**Work task**
Copy out the material in full. Leave every line as it is.

**Provided data**
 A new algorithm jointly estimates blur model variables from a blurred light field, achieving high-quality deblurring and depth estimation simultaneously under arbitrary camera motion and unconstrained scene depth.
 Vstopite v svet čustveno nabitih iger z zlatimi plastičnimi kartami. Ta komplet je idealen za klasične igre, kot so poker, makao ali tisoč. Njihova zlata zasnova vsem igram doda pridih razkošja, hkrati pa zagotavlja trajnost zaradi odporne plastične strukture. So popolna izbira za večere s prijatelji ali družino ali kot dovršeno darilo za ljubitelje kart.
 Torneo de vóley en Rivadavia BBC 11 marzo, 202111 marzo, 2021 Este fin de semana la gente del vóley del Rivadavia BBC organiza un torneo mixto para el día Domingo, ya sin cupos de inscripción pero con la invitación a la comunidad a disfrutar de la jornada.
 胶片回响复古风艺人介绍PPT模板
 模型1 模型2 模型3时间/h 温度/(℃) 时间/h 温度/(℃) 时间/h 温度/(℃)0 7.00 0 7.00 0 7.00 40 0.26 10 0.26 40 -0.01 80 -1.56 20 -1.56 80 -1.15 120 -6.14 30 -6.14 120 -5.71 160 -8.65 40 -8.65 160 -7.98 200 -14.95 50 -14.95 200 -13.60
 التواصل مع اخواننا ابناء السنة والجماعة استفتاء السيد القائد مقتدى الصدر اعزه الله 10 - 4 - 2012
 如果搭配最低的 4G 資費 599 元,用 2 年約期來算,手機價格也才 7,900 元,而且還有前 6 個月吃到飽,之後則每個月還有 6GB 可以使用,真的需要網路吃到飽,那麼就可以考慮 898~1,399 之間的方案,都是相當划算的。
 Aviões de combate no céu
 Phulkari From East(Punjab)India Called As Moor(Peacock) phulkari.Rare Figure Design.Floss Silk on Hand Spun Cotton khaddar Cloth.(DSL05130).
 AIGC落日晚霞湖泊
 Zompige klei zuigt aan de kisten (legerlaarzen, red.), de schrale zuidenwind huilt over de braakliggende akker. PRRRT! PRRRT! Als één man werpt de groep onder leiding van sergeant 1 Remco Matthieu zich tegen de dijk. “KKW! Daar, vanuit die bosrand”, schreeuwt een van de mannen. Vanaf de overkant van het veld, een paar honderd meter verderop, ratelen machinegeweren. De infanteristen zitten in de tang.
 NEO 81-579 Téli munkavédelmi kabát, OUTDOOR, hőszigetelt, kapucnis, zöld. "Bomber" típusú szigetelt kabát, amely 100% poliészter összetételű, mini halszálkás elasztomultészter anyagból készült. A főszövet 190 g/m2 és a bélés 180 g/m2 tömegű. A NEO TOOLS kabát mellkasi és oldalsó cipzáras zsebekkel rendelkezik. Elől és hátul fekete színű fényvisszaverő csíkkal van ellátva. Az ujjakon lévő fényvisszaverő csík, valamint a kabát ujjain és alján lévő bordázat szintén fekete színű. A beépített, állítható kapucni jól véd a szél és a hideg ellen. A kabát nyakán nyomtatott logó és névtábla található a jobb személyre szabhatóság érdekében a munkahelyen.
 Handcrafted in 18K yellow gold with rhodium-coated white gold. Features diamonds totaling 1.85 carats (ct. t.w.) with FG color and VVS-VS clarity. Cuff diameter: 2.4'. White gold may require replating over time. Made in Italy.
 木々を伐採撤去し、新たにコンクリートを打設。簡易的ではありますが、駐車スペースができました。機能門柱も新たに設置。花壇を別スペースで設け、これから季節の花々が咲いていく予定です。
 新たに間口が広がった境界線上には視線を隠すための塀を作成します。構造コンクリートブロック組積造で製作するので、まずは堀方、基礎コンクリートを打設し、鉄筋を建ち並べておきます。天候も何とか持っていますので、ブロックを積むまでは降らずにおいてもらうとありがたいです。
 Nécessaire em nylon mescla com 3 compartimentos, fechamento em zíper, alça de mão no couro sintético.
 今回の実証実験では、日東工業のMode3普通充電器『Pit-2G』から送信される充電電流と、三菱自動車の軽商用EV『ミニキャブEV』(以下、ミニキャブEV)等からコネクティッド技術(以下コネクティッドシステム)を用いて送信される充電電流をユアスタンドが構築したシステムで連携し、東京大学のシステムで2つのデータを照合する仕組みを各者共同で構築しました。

**Written response**
 A new algorithm jointly estimates blur model variables from a blurred light field, achieving high-quality deblurring and depth estimation simultaneously under arbitrary camera motion and unconstrained scene depth.
 Vstopite v svet čustveno nabitih iger z zlatimi plastičnimi kartami. Ta komplet je idealen za klasične igre, kot so poker, makao ali tisoč. Njihova zlata zasnova vsem igram doda pridih razkošja, hkrati pa zagotavlja trajnost zaradi odporne plastične strukture. So popolna izbira za večere s prijatelji ali družino ali kot dovršeno darilo za ljubitelje kart.
 Torneo de vóley en Rivadavia BBC 11 marzo, 202111 marzo, 2021 Este fin de semana la gente del vóley del Rivadavia BBC organiza un torneo mixto para el día Domingo, ya sin cupos de inscripción pero con la invitación a la comunidad a disfrutar de la jornada.
 胶片回响复古风艺人介绍PPT模板
 模型1 模型2 模型3时间/h 温度/(℃) 时间/h 温度/(℃) 时间/h 温度/(℃)0 7.00 0 7.00 0 7.00 40 0.26 10 0.26 40 -0.01 80 -1.56 20 -1.56 80 -1.15 120 -6.14 30 -6.14 120 -5.71 160 -8.65 40 -8.65 160 -7.98 200 -14.95 50 -14.95 200 -13.60
 التواصل مع اخواننا ابناء السنة والجماعة استفتاء السيد القائد مقتدى الصدر اعزه الله 10 - 4 - 2012
 如果搭配最低的 4G 資費 599 元,用 2 年約期來算,手機價格也才 7,900 元,而且還有前 6 個月吃到飽,之後則每個月還有 6GB 可以使用,真的需要網路吃到飽,那麼就可以考慮 898~1,399 之間的方案,都是相當划算的。
 Aviões de combate no céu
 Phulkari From East(Punjab)India Called As Moor(Peacock) phulkari.Rare Figure Design.Floss Silk on Hand Spun Cotton khaddar Cloth.(DSL05130).
 AIGC落日晚霞湖泊
 Zompige klei zuigt aan de kisten (legerlaarzen, red.), de schrale zuidenwind huilt over de braakliggende akker. PRRRT! PRRRT! Als één man werpt de groep onder leiding van sergeant 1 Remco Matthieu zich tegen de dijk. “KKW! Daar, vanuit die bosrand”, schreeuwt een van de mannen. Vanaf de overkant van het veld, een paar honderd meter verderop, ratelen machinegeweren. De infanteristen zitten in de tang.
 NEO 81-579 Téli munkavédelmi kabát, OUTDOOR, hőszigetelt, kapucnis, zöld. "Bomber" típusú szigetelt kabát, amely 100% poliészter összetételű, mini halszálkás elasztomultészter anyagból készült. A főszövet 190 g/m2 és a bélés 180 g/m2 tömegű. A NEO TOOLS kabát mellkasi és oldalsó cipzáras zsebekkel rendelkezik. Elől és hátul fekete színű fényvisszaverő csíkkal van ellátva. Az ujjakon lévő fényvisszaverő csík, valamint a kabát ujjain és alján lévő bordázat szintén fekete színű. A beépített, állítható kapucni jól véd a szél és a hideg ellen. A kabát nyakán nyomtatott logó és névtábla található a jobb személyre szabhatóság érdekében a munkahelyen.
 Handcrafted in 18K yellow gold with rhodium-coated white gold. Features diamonds totaling 1.85 carats (ct. t.w.) with FG color and VVS-VS clarity. Cuff diameter: 2.4'. White gold may require replating over time. Made in Italy.
 木々を伐採撤去し、新たにコンクリートを打設。簡易的ではありますが、駐車スペースができました。機能門柱も新たに設置。花壇を別スペースで設け、これから季節の花々が咲いていく予定です。
 新たに間口が広がった境界線上には視線を隠すための塀を作成します。構造コンクリートブロック組積造で製作するので、まずは堀方、基礎コンクリートを打設し、鉄筋を建ち並べておきます。天候も何とか持っていますので、ブロックを積むまでは降らずにおいてもらうとありがたいです。
 Nécessaire em nylon mescla com 3 compartimentos, fechamento em zíper, alça de mão no couro sintético.
 今回の実証実験では、日東工業のMode3普通充電器『Pit-2G』から送信される充電電流と、三菱自動車の軽商用EV『ミニキャブEV』(以下、ミニキャブEV)等からコネクティッド技術(以下コネクティッドシステム)を用いて送信される充電電流をユアスタンドが構築したシステムで連携し、東京大学のシステムで2つのデータを照合する仕組みを各者共同で構築しました。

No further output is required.